I will bring my African books with me, and other things.
Yours sincerely,
Lafcadio Hearn.
TO H. E. KREHBIEL
New Orleans, October, 1884.
Dear Krehbiel,—I sit down to write you the first time I have had leisure to do justice to the subject for a month.
Now I must tell you what I am doing. I have been away a good deal, in the Creole archipelagoes of the Gulf, and will soon be off again, to make more studies for my little book of sketches. I sent you the No. 2, as a sample. These I take as much pains with as with magazine work, and the plan is philosophical and pantheistic. Did you see “Torn Letters,”—(No. 1) about the Biscayena. The facts are not wholly true; I was very nearly in love—not quite sure whether I am not a little in love still,—but I never told her so. It is so strange to find one’s self face to face with a beauty that existed in the Tertiary epoch,—300,000 years ago,—the beauty of the most ancient branch of humanity,—the oldest of the world’s races!

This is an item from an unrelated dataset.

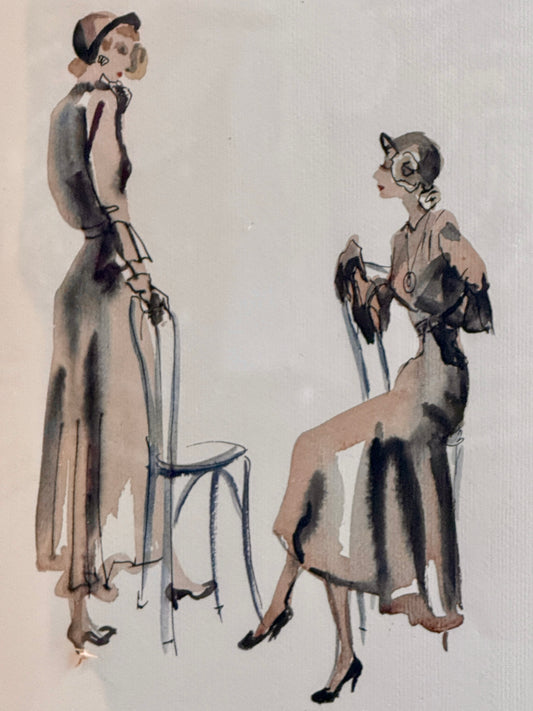 Catherine Figart Vogue Watercolor Fashion Illustration on Blue Block Print Floral in Gold Frame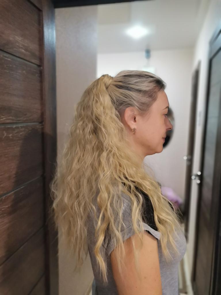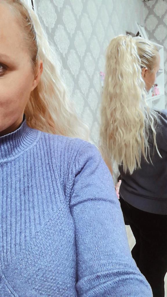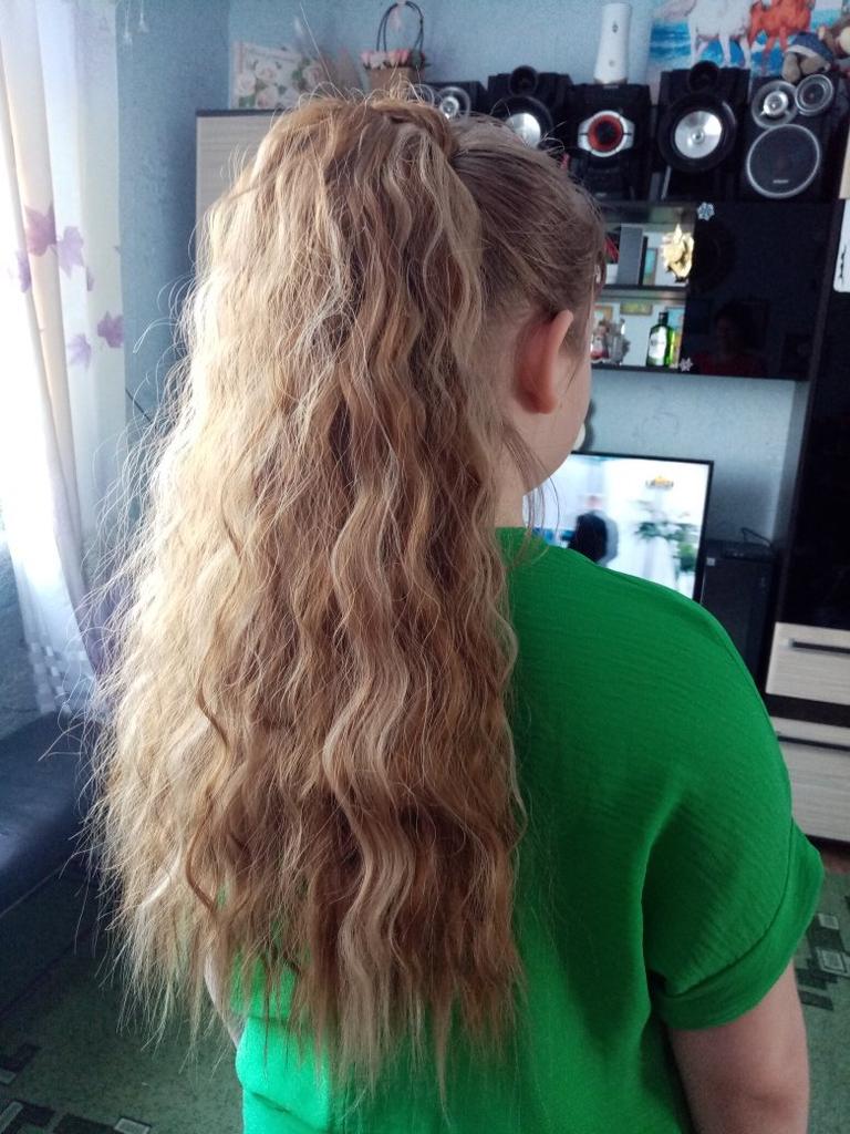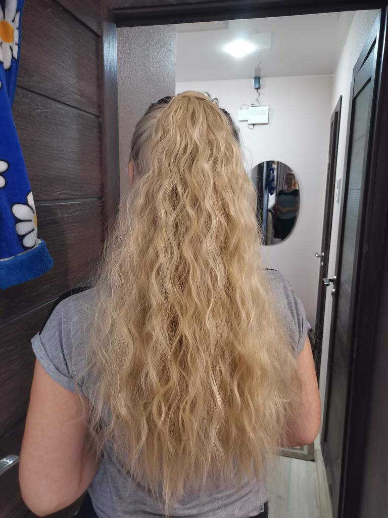 Bella coda di cavallo 🌸 Ho comprato questa clip nell'estensione dei capelli su lisihair. Vendono vari pezzi di capelli sintetici e parrucche. Questa coda di cavallo è lunga 55 cm e pesa circa 120 grammi. La qualità dei capelli è molto bella. Sembra proprio vero! L'ho ricevuto in due settimane.

But the coasts here are just as I described them, without exaggeration,—and I am so enamoured of those islands and tepid seas that I would like to live there forever, and realize Tennyson’s wish:—
“I will wed some savage woman; she shall rear my dusky race: Iron-jointed, supple-sinewed, they shall dive and they shall run,— Catch the wild goat by the hair, and hurl their lances in the sun, Whistle back the parrot’s call,—leap the rainbows of the brooks,— Not with blinded eyesight poring over miserable books.”
The islanders found I had one claim to physical superiority anyhow,—I could outswim the best of them with the greatest ease. And I have disciplined myself physically so well of late years, that I am no longer the puny little fellow you used to know.